3. Create the Persistent Group Chat database user with permissions by typing:

CREATE ROLE tcuser LOGIN CREATEDB SUPERUSER;

4. Press Enter.

5. Create the Managed File Transfer database user with permissions by typing:

CREATE ROLE mftuser LOGIN CREATEDB SUPERUSER;

6. Press Enter.

Create Databases

7. Create the Persistent Group Chat database tcmadb by typing:

CREATE DATABASE tcmadb WITH OWNER tcuser ENCODING 'UTF8';

8. Press Enter.

9. Create the Managed File Transfer database mftadb by typing:

CREATE DATABASE mftadb WITH OWNER mftuser ENCODING 'UTF8';

10. Press Enter.

11. Confirm database creation by typing :

\list

12. Press Enter.

13. Confirm that both the tcmadb and mftadb databases are listed in the command output.

Set DB User Passwords

14. Set the password for tcuser by typing:

ALTER ROLE tcuser WITH PASSWORD 'tcuser';

15. Press Enter.

16. Set the password for mftuser by typing:

ALTER ROLE mftuser WITH PASSWORD 'mftuser';

17. Press Enter.

Set Persistent Chat Database Parameters

18. Type the following to connect to the tcmadb (Persistent Chat Database) as the postgres user.

\connect tcmadb

19. Press Enter. Observe the status message: You are now connected to database "tcmadb" as user "postgres".
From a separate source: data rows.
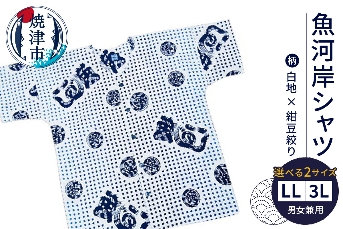 涼しく、すぐ乾く魚河岸シャツ! a20-415 魚河岸シャツ 上質 綿100% 焼津 夏 涼 祭 焼津 魚がし シャツ 白地×紺豆絞 LL/3L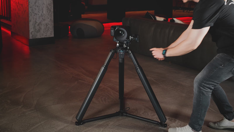 With traditional tripods, adjusting the height means you must physically lift the entire system—the tripod and everything mounted on it. You need to crouch, support the weight with one hand, adjust the legs with the other, and repeat this balancing act until you’re done. In those moments, every kilogram matters.
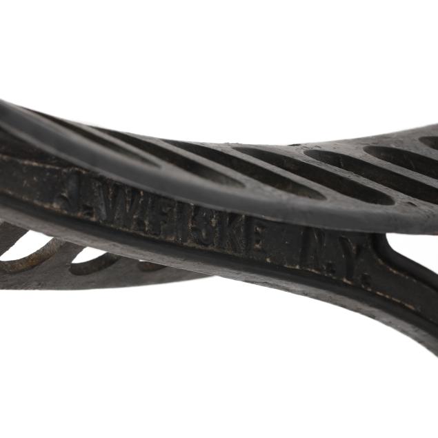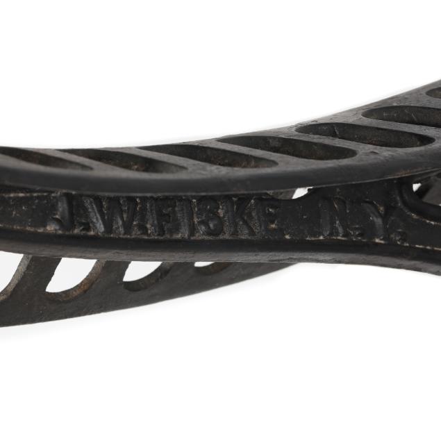 New York, mid- to late 19th century, cast iron saddle rack, marked "J.W.FISKE N.Y." to side.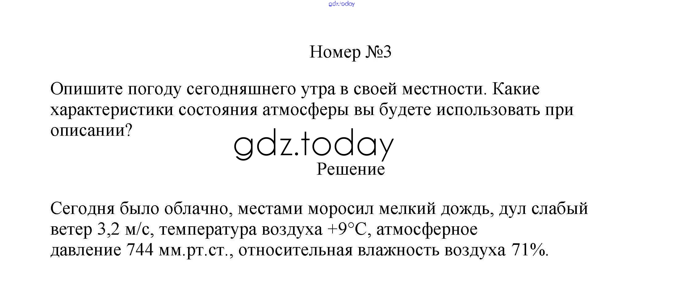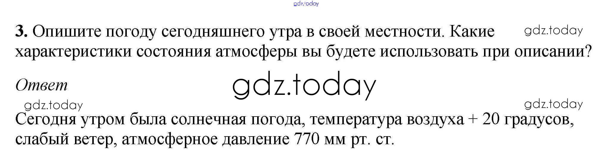 На страницах сайта gdz.today вы найдете учебный и вспомогательный материал, направленный на улучшения знаний школьной программы. ГДЗ - онлайн мир знаний Задания §28. Урок-практикум. Знакомство с метеорологическими приборами и наблюдение за погодой 3 Учебнику по Географии для 5-6 класса Климанова, Климанов Дрофа Вертикаль 2017

20. Type the following to create a required function:

CREATE FUNCTION plpgsql_call_handler () RETURNS LANGUAGE_HANDLER AS '$libdir/plpgsql' LANGUAGE C;

21. Press Enter. Confirm that command output matches the graphic below.

Set Managed File Transfer Database Parameters

22. Type the following to connect to the mftadb (Managed File Transfer Database) as the postgres user.

\connect mftadb

23. Press Enter. Observe the status message: You are now connected to database "mftadb" as user "postgres".
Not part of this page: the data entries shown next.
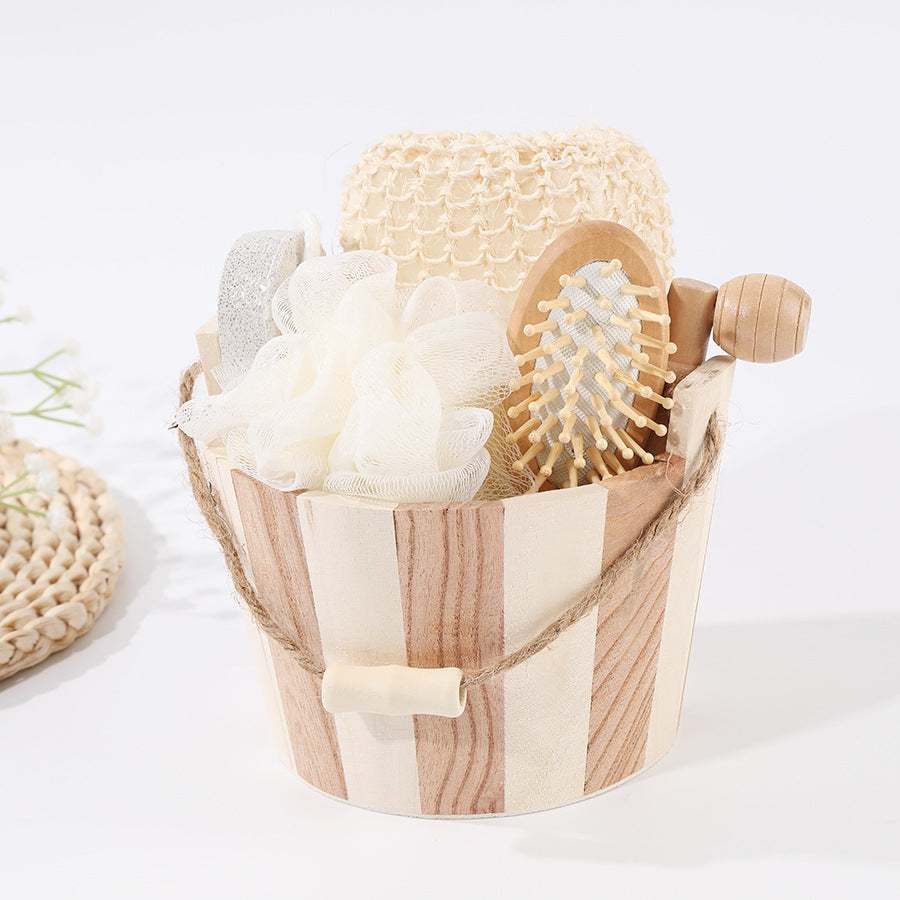 Este set spa de baño reúne varios accesorios diseñados para mejorar la rutina de cuidado corporal y transformar la ducha en una experiencia relajante. Incluye una cubeta decorativa de madera que funciona tanto como contenedor del set como organizador para accesorios de baño. Su diseño natural aporta un estilo cálido y elegante al espacio del baño.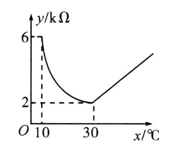 $\therefore$电阻$y$不超过$5k\Omega$时,温度$x$的取值范围是$12\leq x\leq41\frac{1}{4}$。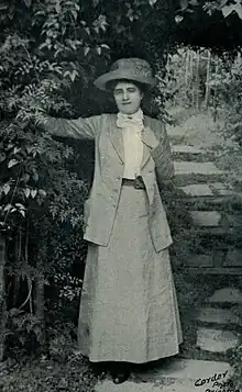 Wolseley received a private education, which was erratic due to the itinerant lifestyle resulting from her father's career.[2] Wolseley wrote that it never occurred to her that she "could ask to be educated with a view to having ultimately a profession, for instinctively I knew that my education was conducted with a view to one end—that of becoming a capable wife of a rich man”.[5] Though not a supporter of women's suffrage or emancipation, Wolseley's father was aware of the emerging career opportunities for women and wanted her to be capable of taking an active role in the society. To prepare her and some of her friends for public speaking, he founded a Girls' Debating Society in the late 1880s.[6] Wolseley's first social season in 1891 won her popularity and praise for her fashion sense.[7]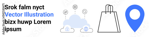 Cloud with connected icons, shopping bag, and blue location pin representing digital e-commerce. Ideal for online shopping platforms, cloud storage services, business solutions, delivery services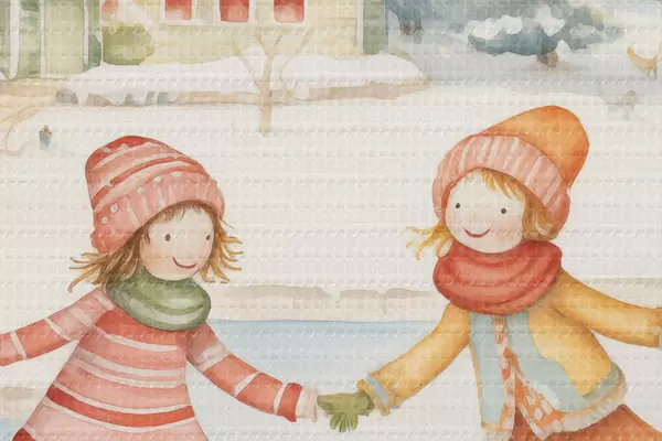 Foto Escena invernal con dos chicas patinando, ciudad invernal, casas, bosque Nr r41377

24. Enter the password postgres to authenticate.

25. Type the following to create a required function:

CREATE FUNCTION plpgsql_call_handler () RETURNS LANGUAGE_HANDLER AS '$libdir/plpgsql' LANGUAGE C;

26. Press Enter. Confirm that command output matches the graphic below.
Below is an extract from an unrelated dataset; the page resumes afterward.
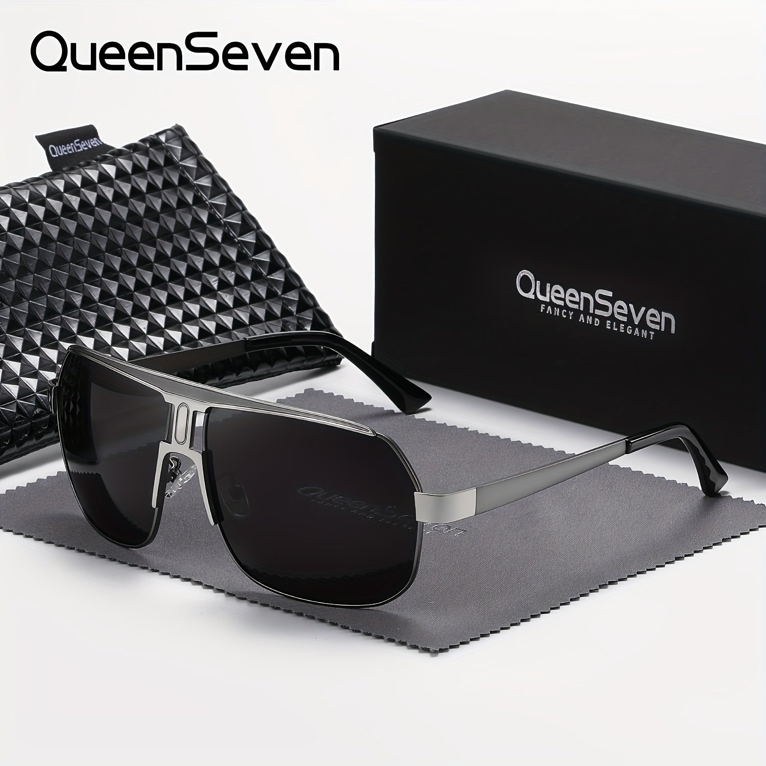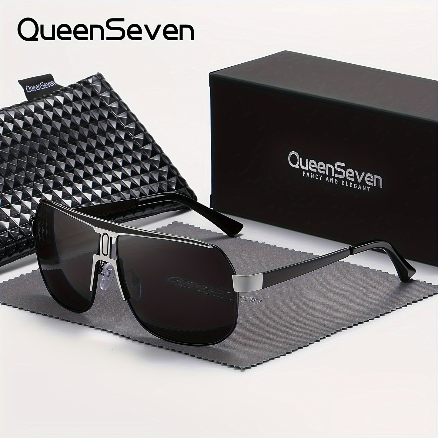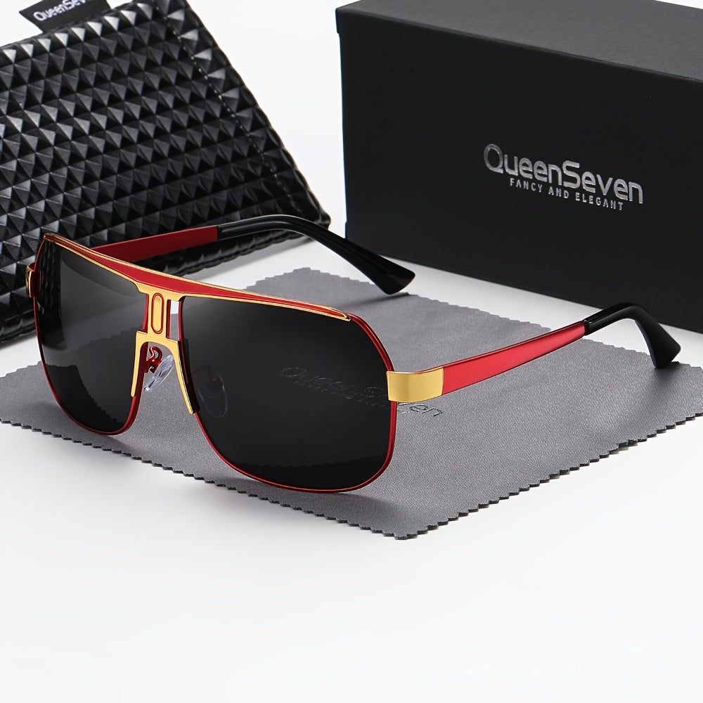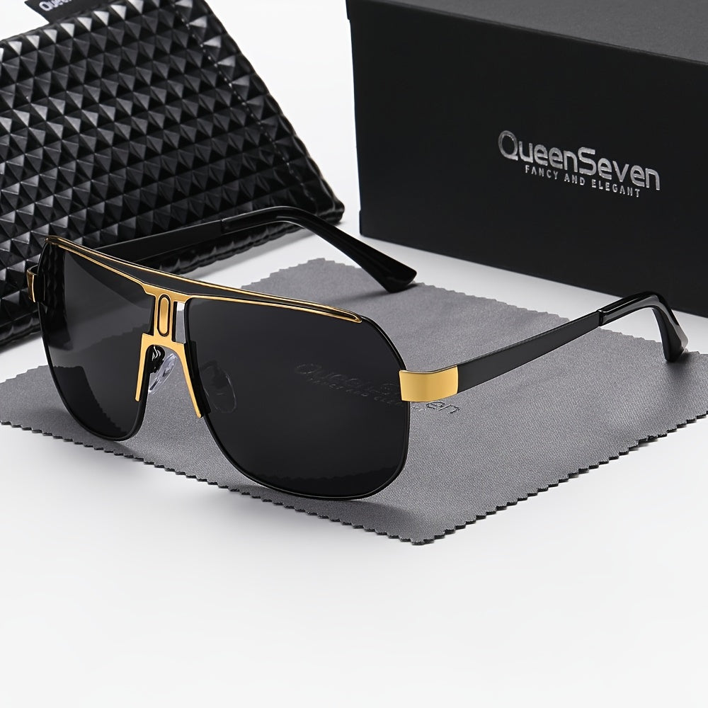 QueenSeven Unisex Polarized Alloy Square Oversized Frame Sunglasses Driving Sunglasses Shades

27. Command Success Output

28. Type the following command to quit the psql session:

29. Press Enter.

Set Up External Database Entries on the IM and Presence Service

Set Up an External File Server for MFT

Type the following command to search the /etc/ssh/sshd_config file for the values described above.

cat /etc/ssh/sshd_config | grep Authentication

Press Enter.

Multiple lines are returned however, the output depicted in the graphic indicates that the default value of these two parameters is set to yes.

Add and Configure a User for Managed File Transfer

Type the following command to create a user name mftuser:

useradd -m mftuser

Press Enter.

Switch to the mftuser by typing:

su mftuser

Press Enter.

Create a .ssh directory under the mftuser home directory that is used as a key store by typing:

mkdir ~mftuser/.ssh/

Press Enter.

Create an authorized_keys file under the .ssh directory that is used to hold the public key text for each IM and Presence Service node. Type the following:

touch ~mftuser/.ssh/authorized_keys

Press Enter.

Set the correct permissions for passwordless SSH to function by typing the following commands. Press Enter after each command.

chmod 700 ~mftuser

chmod 700 ~mftuser/.ssh/

chmod 700 ~mftuser/.ssh/authorized_keys

Type exit to return to the root shell.

Create a Directory Structure for MFT

Next, we will create a file directory structure where files transferred using the MFT feature will be stored. We will ensure that the user created in the previous step has ownership and the permissions needed to read, write, and delete files.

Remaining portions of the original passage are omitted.